EXERCISE PROMPT | Without including any pictures, retype exactly the lines from the top of the records through the line containing "Add some artistry", that final line included.

DATASET EXTRACT |
►

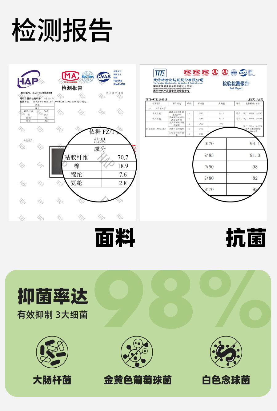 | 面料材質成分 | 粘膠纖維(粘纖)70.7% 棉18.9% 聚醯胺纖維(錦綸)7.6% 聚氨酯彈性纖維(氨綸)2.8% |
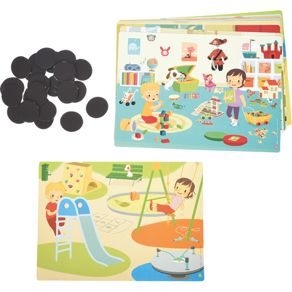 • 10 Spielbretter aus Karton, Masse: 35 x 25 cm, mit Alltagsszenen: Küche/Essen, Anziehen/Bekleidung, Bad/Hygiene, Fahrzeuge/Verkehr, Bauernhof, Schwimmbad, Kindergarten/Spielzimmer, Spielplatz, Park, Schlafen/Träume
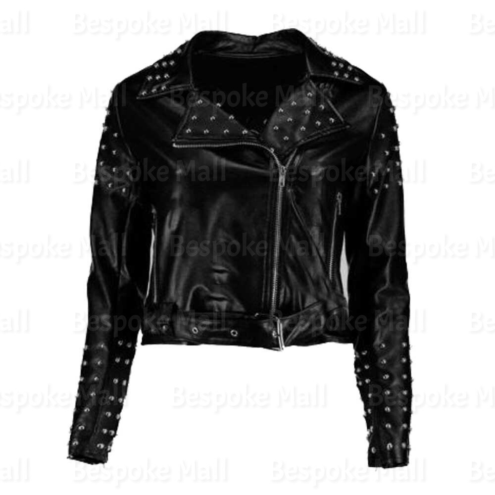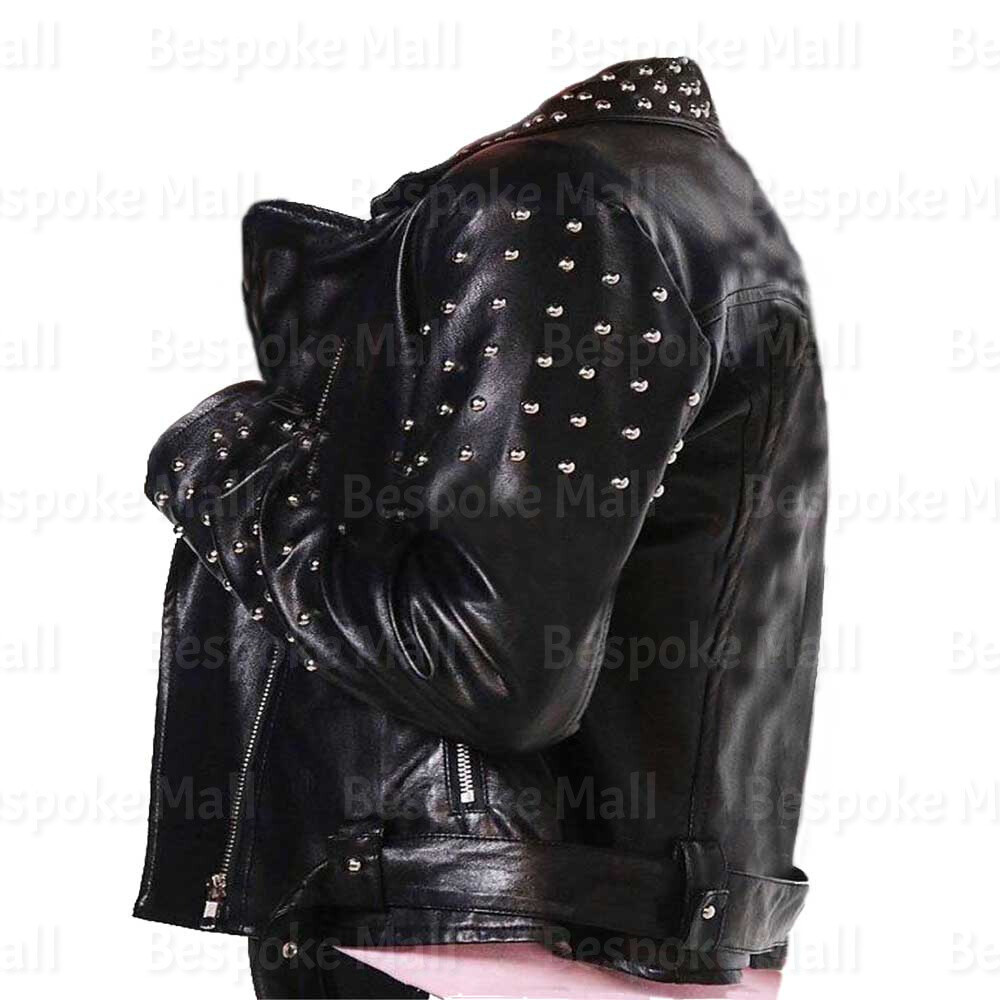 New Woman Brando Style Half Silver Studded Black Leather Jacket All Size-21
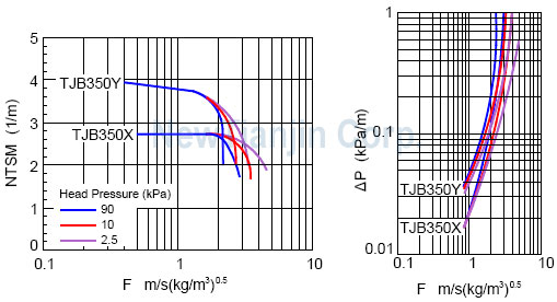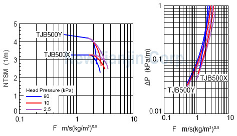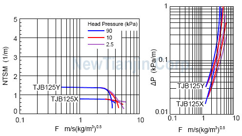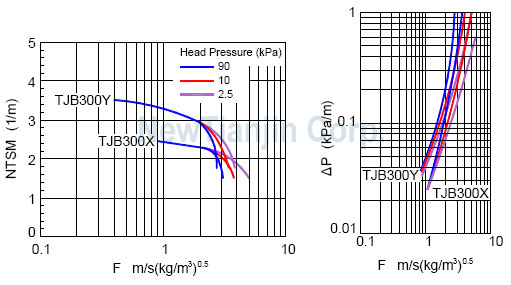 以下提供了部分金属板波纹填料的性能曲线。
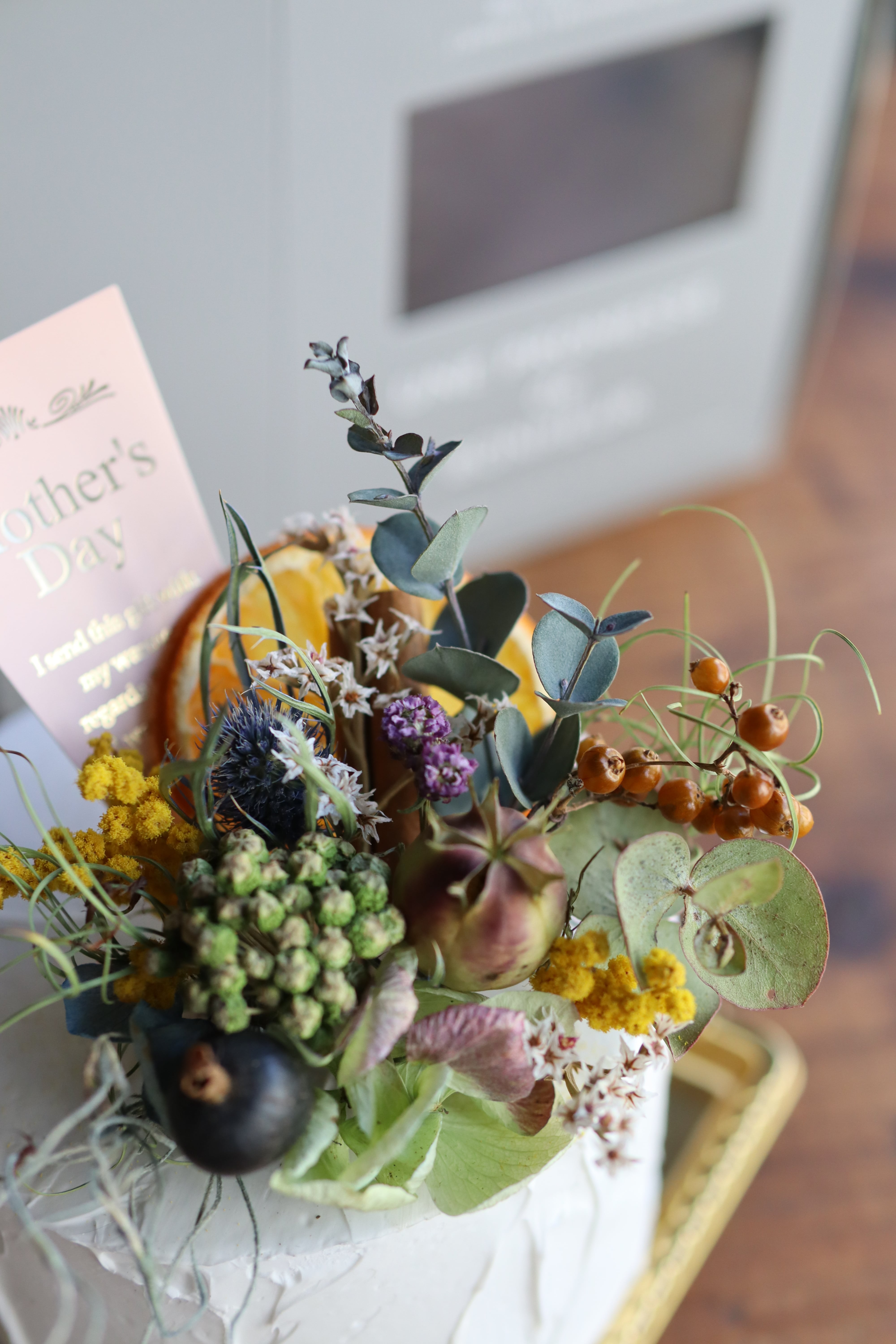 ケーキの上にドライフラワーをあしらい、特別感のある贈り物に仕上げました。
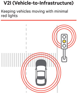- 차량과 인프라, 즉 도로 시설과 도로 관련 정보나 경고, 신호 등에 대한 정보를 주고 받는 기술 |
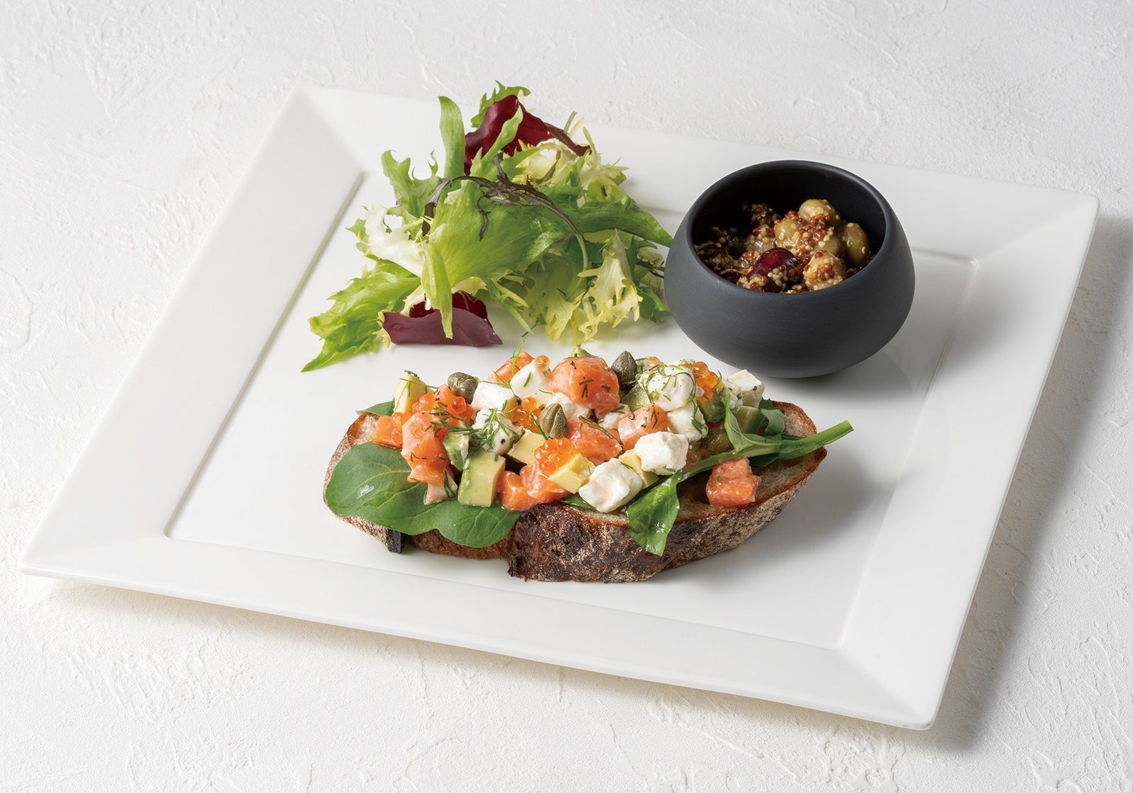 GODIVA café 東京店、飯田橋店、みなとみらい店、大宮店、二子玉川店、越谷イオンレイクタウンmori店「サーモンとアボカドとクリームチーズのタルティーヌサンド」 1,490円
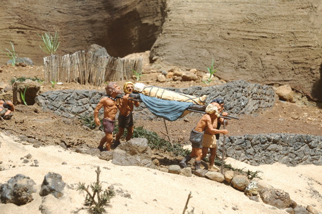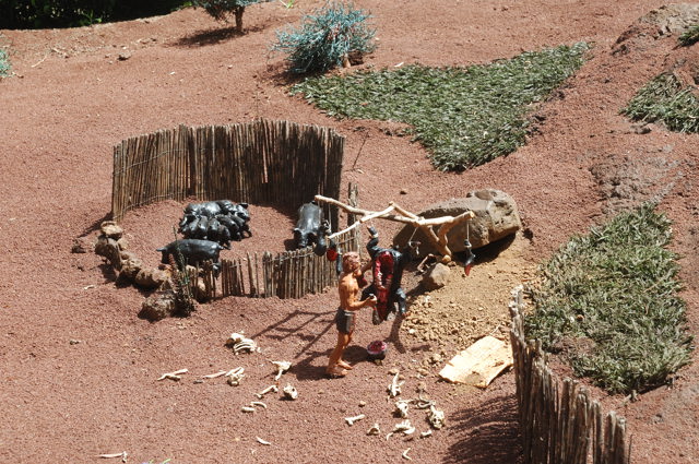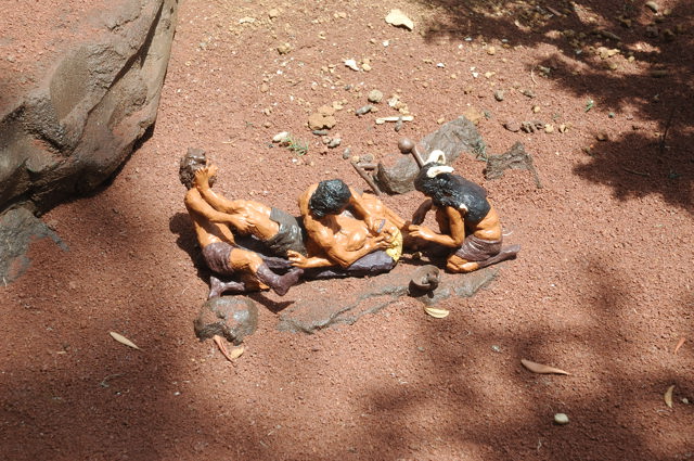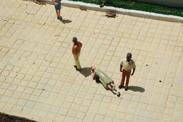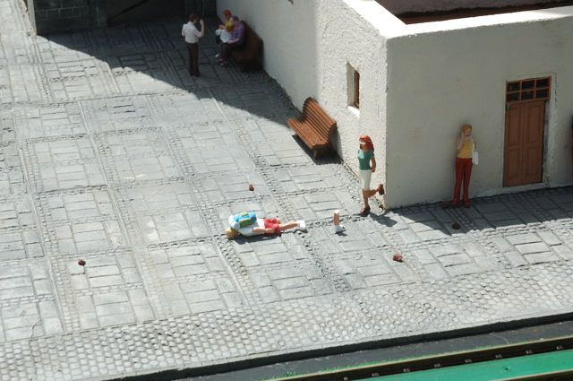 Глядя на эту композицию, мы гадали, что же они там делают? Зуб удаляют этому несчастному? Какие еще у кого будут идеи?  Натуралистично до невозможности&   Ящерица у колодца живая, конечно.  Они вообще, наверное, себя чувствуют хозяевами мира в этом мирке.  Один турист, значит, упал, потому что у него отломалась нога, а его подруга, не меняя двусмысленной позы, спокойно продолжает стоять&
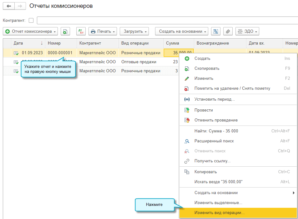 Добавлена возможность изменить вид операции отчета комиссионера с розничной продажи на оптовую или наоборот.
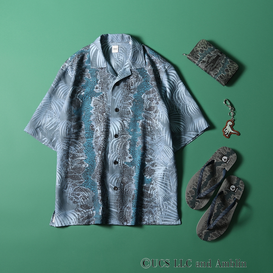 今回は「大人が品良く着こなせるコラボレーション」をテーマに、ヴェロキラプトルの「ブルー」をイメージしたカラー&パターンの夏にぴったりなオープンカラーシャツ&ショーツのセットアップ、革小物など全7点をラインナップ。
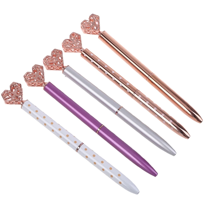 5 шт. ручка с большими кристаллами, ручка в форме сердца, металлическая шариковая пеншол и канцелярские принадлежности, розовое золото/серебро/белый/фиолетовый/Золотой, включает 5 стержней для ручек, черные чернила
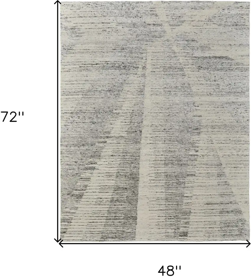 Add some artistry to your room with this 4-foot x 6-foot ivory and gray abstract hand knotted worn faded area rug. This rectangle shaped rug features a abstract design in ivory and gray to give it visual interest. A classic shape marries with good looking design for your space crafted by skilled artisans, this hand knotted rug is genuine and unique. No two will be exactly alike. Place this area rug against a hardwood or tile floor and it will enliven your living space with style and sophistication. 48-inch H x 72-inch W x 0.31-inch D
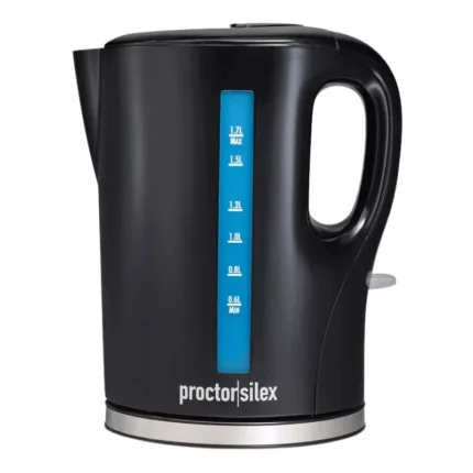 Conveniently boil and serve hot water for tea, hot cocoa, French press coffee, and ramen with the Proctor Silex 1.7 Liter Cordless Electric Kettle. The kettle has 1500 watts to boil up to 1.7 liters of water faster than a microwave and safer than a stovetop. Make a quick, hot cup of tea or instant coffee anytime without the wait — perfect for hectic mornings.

◄

FINISHED EXERCISE |
 | 面料材質成分 | 粘膠纖維(粘纖)70.7% 棉18.9% 聚醯胺纖維(錦綸)7.6% 聚氨酯彈性纖維(氨綸)2.8% |
 • 10 Spielbretter aus Karton, Masse: 35 x 25 cm, mit Alltagsszenen: Küche/Essen, Anziehen/Bekleidung, Bad/Hygiene, Fahrzeuge/Verkehr, Bauernhof, Schwimmbad, Kindergarten/Spielzimmer, Spielplatz, Park, Schlafen/Träume
 New Woman Brando Style Half Silver Studded Black Leather Jacket All Size-21
 以下提供了部分金属板波纹填料的性能曲线。
 ケーキの上にドライフラワーをあしらい、特別感のある贈り物に仕上げました。
- 차량과 인프라, 즉 도로 시설과 도로 관련 정보나 경고, 신호 등에 대한 정보를 주고 받는 기술 |
 GODIVA café 東京店、飯田橋店、みなとみらい店、大宮店、二子玉川店、越谷イオンレイクタウンmori店「サーモンとアボカドとクリームチーズのタルティーヌサンド」 1,490円
 Глядя на эту композицию, мы гадали, что же они там делают? Зуб удаляют этому несчастному? Какие еще у кого будут идеи?  Натуралистично до невозможности&   Ящерица у колодца живая, конечно.  Они вообще, наверное, себя чувствуют хозяевами мира в этом мирке.  Один турист, значит, упал, потому что у него отломалась нога, а его подруга, не меняя двусмысленной позы, спокойно продолжает стоять&
 Добавлена возможность изменить вид операции отчета комиссионера с розничной продажи на оптовую или наоборот.
 今回は「大人が品良く着こなせるコラボレーション」をテーマに、ヴェロキラプトルの「ブルー」をイメージしたカラー&パターンの夏にぴったりなオープンカラーシャツ&ショーツのセットアップ、革小物など全7点をラインナップ。
 5 шт. ручка с большими кристаллами, ручка в форме сердца, металлическая шариковая пеншол и канцелярские принадлежности, розовое золото/серебро/белый/фиолетовый/Золотой, включает 5 стержней для ручек, черные чернила
 Add some artistry to your room with this 4-foot x 6-foot ivory and gray abstract hand knotted worn faded area rug. This rectangle shaped rug features a abstract design in ivory and gray to give it visual interest. A classic shape marries with good looking design for your space crafted by skilled artisans, this hand knotted rug is genuine and unique. No two will be exactly alike. Place this area rug against a hardwood or tile floor and it will enliven your living space with style and sophistication. 48-inch H x 72-inch W x 0.31-inch D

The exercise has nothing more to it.